PULPIT. "Give unto us … a possession among the brethren of our father. The daughters of Zelophehad did not ask for any share of what had been their father's, but they asked that the lands which would have been assigned to their father in the settlement of Canaan might still be assigned to them, so that their father's name might attach to those lands, and be handed down with them. The request assumes that the "brethren" of Zelophehad would receive an inheritance in the promised land, either personally or as represented by their sons; hence it seems clear that Zelophehad was not of the elder generation, which had forfeited all their rights and expectations in Canaan, but of the younger, to whom the inheritance was transferred (Numbers 14:29-32). This is confirmed by the consideration that these women were not married until some time after this (Numbers 36:11; cf. Joshua 17:8, Joshua 17:4), and must, therefore, according to the almost invariable custom, have been quite young at this time. It is reasonable to suppose that the heads of separate families to whom the land was distributed would be at this time men of from forty-five to sixty years of age, comprising the elder half of the generation which grew up in the wilderness. Zelophehad would have been among these, but that he was cut off, perhaps in the plague of serpents, or in the plague of the Arboth Mesh, and left only unmarried girls to represent him.
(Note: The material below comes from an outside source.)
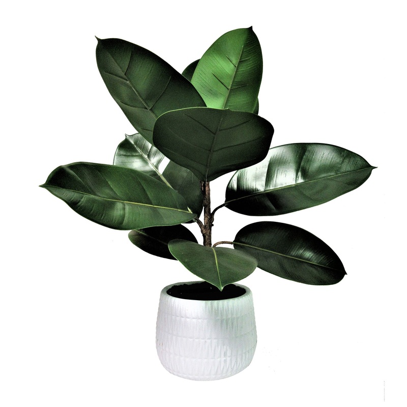 The Rubber Plant in a 22 Inch Textured Pot brings deep green tones and modern shape into any space. Pre-assembled and easy to care for, this lifelike artificial plant is housed in a textured pot that adds visual interest and a touch of earthiness. Its the

5 So Moses brought their case before the Lord,

GILL, "And Moses brought their cause before the Lord. For it seems it was too difficult for this court to decide; and it devolving upon Moses, as the president of it, and who only could have recourse to God at all times, he carried it to him and consulted with him about it: this, as the Targums of Jonathan and Jerusalem say, was one of the four causes that came before Moses the prophet, that he solved according to the mind of the Lord, which he consulted; one was concerning the blasphemer, Lev_24:11, the other concerning those defiled by the dead, Num_9:8, the third concerning the sabbath breaker, Num_15:34 and the fourth was this; See Gill on Lev_24:12.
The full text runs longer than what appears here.